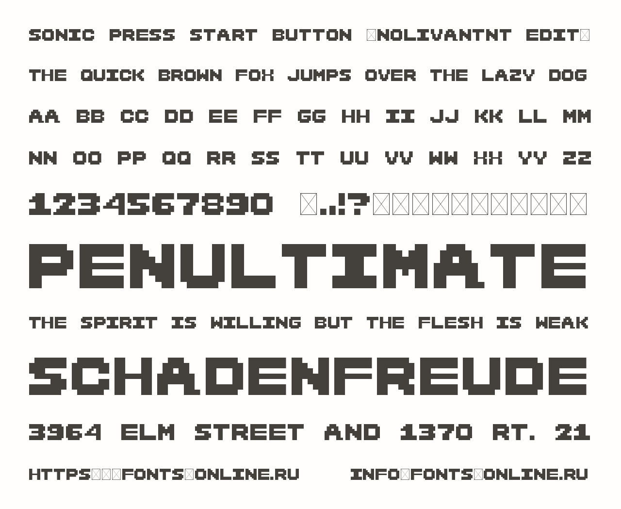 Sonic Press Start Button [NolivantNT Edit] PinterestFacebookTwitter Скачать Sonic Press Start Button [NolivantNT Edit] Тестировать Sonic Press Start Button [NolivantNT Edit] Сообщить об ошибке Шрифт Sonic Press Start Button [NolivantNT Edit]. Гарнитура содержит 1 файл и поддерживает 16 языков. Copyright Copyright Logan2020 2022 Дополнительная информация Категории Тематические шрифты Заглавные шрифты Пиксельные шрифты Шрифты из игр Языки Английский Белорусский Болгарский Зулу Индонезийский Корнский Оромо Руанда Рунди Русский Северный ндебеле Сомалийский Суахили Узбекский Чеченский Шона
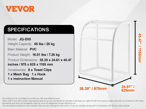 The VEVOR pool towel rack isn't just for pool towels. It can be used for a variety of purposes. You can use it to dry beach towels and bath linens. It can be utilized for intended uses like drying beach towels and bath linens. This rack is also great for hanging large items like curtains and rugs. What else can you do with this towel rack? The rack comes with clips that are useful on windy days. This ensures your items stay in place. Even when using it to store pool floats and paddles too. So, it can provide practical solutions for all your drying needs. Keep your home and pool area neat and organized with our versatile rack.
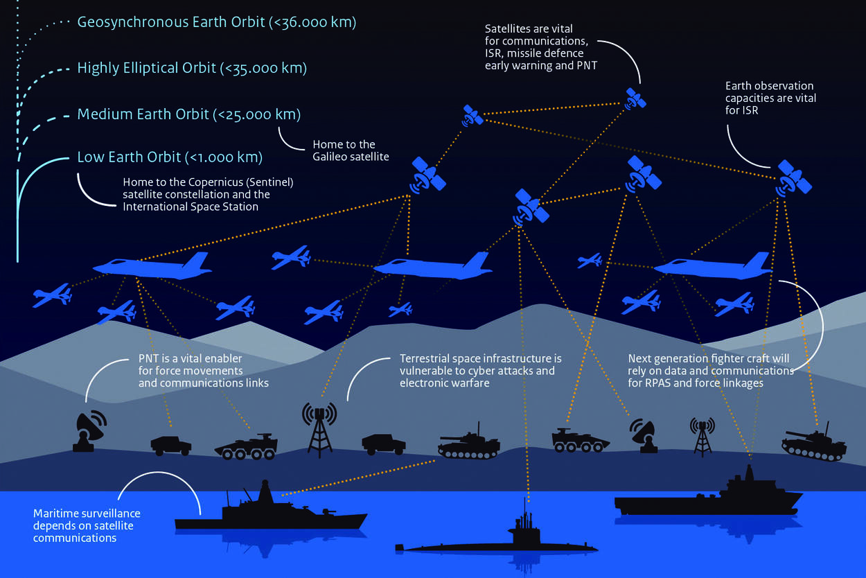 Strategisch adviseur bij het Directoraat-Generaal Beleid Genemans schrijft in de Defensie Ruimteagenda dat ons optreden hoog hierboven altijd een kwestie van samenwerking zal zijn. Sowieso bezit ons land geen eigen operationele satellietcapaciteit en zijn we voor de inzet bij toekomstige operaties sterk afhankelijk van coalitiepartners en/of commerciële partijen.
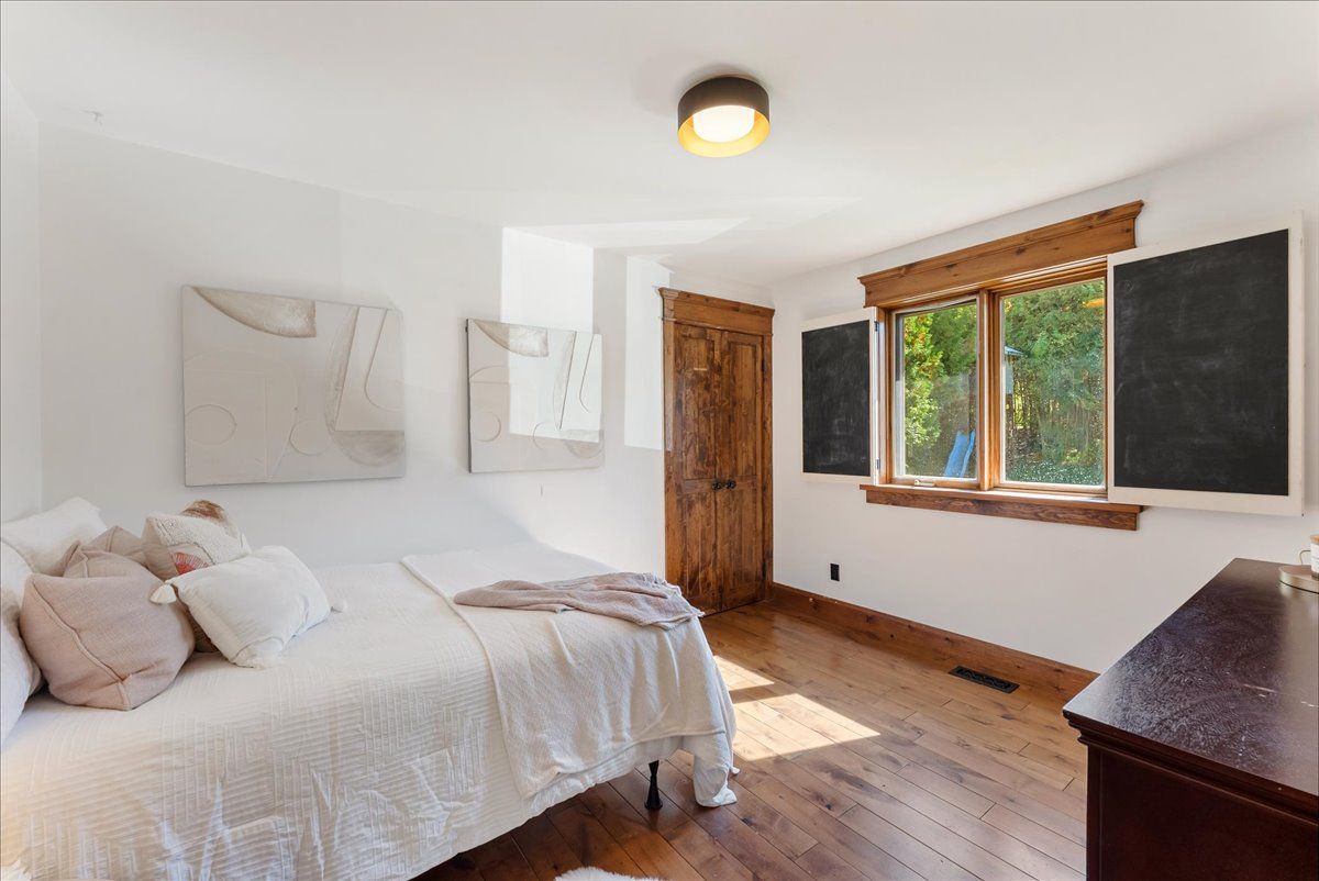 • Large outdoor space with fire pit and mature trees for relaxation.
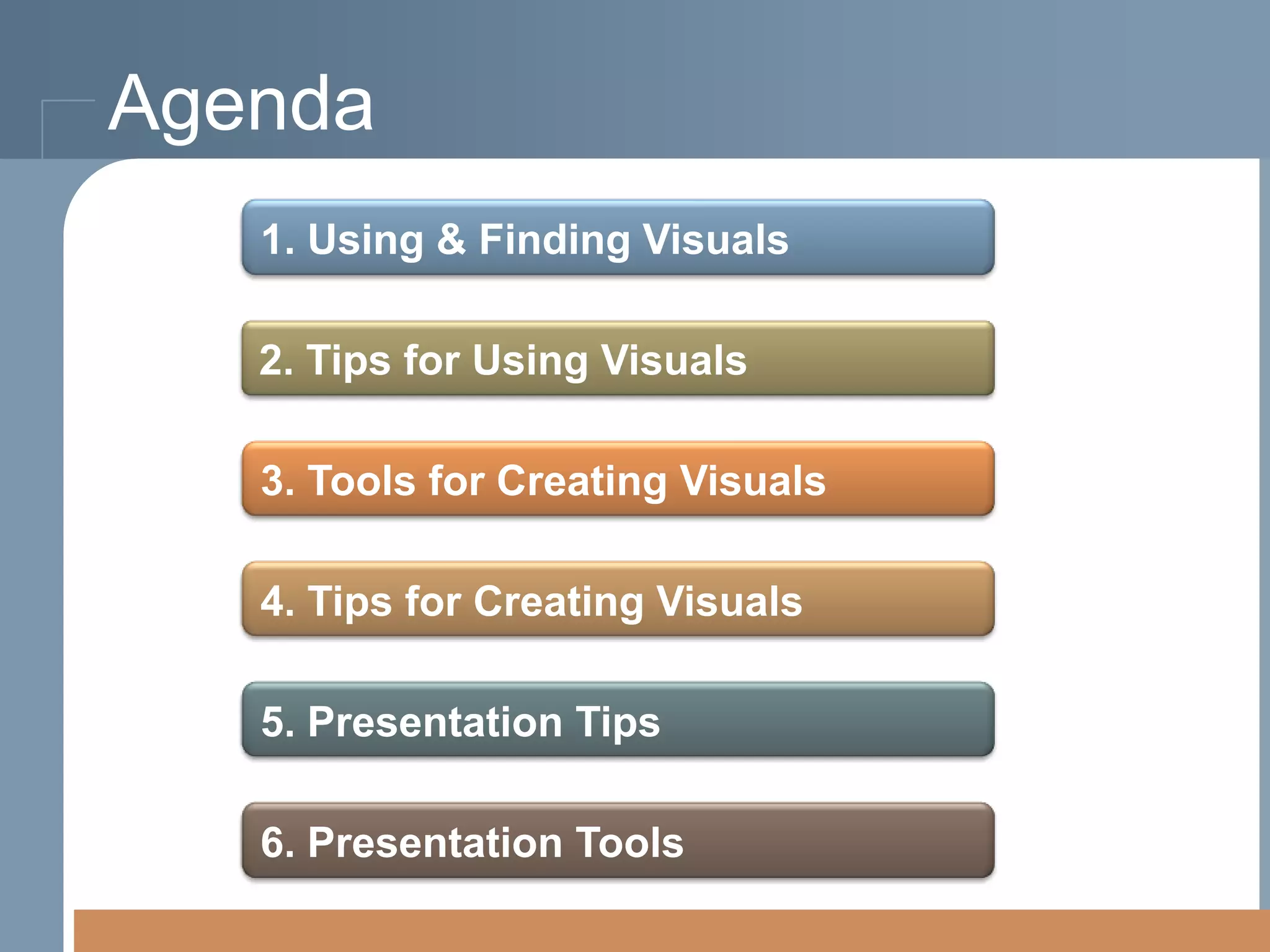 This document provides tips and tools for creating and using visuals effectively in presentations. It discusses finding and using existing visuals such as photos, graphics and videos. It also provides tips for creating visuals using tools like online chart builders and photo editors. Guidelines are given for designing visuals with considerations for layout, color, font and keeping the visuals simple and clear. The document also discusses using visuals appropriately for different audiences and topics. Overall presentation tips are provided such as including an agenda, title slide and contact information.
---
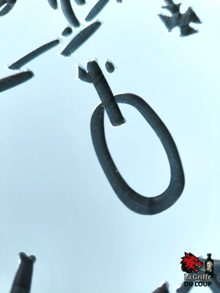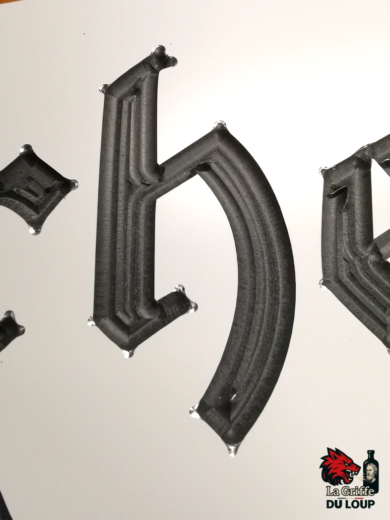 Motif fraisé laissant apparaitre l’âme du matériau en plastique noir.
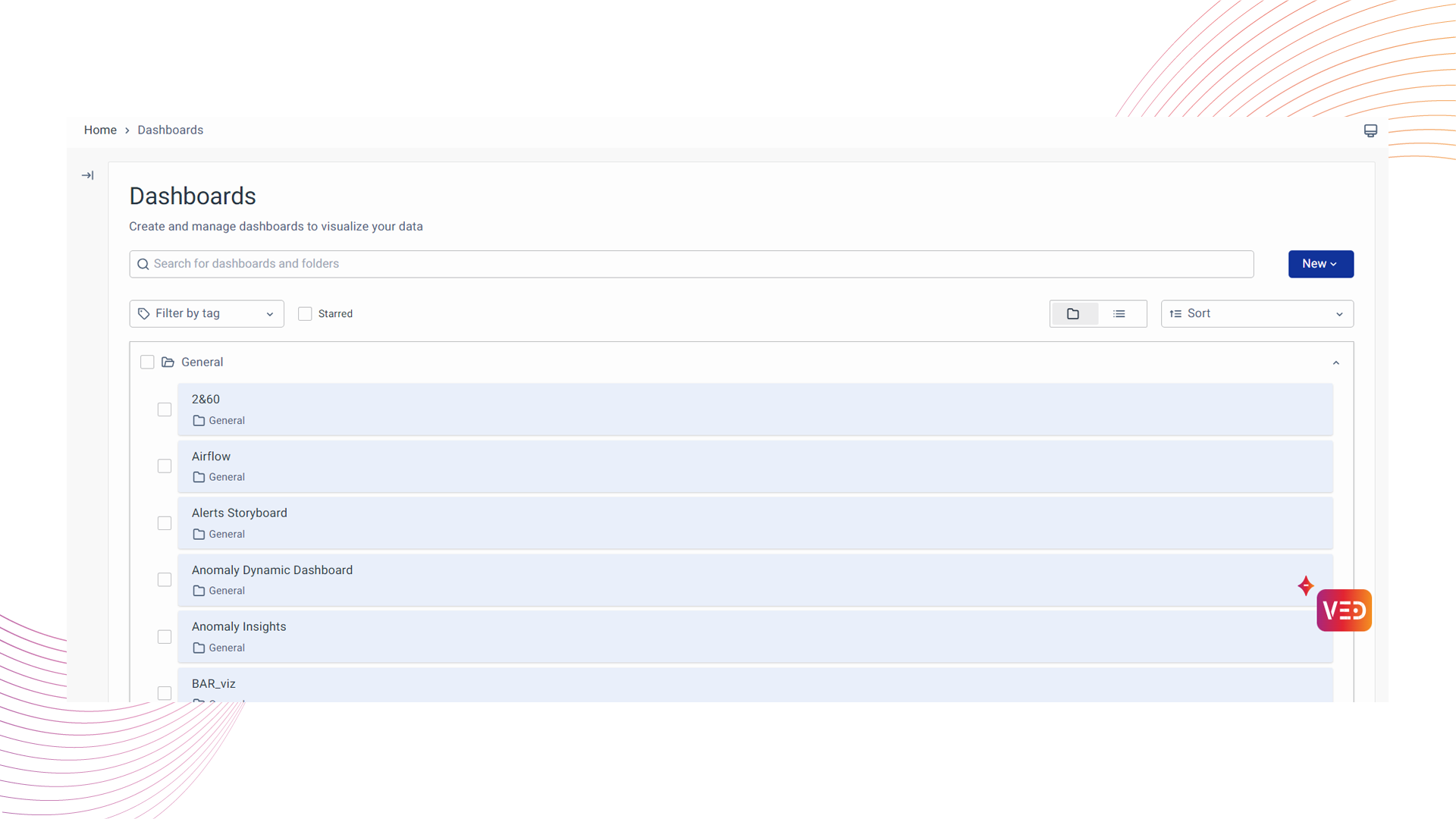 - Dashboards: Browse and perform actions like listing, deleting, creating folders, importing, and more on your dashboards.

# Work instruction:
Start at the line above containing "The VEVOR pool" and stop at the line containing "trees for relaxation.": print those lines and everything between them exactly, but not the pictures.

# Task response:
 The VEVOR pool towel rack isn't just for pool towels. It can be used for a variety of purposes. You can use it to dry beach towels and bath linens. It can be utilized for intended uses like drying beach towels and bath linens. This rack is also great for hanging large items like curtains and rugs. What else can you do with this towel rack? The rack comes with clips that are useful on windy days. This ensures your items stay in place. Even when using it to store pool floats and paddles too. So, it can provide practical solutions for all your drying needs. Keep your home and pool area neat and organized with our versatile rack.
 Strategisch adviseur bij het Directoraat-Generaal Beleid Genemans schrijft in de Defensie Ruimteagenda dat ons optreden hoog hierboven altijd een kwestie van samenwerking zal zijn. Sowieso bezit ons land geen eigen operationele satellietcapaciteit en zijn we voor de inzet bij toekomstige operaties sterk afhankelijk van coalitiepartners en/of commerciële partijen.
 • Large outdoor space with fire pit and mature trees for relaxation.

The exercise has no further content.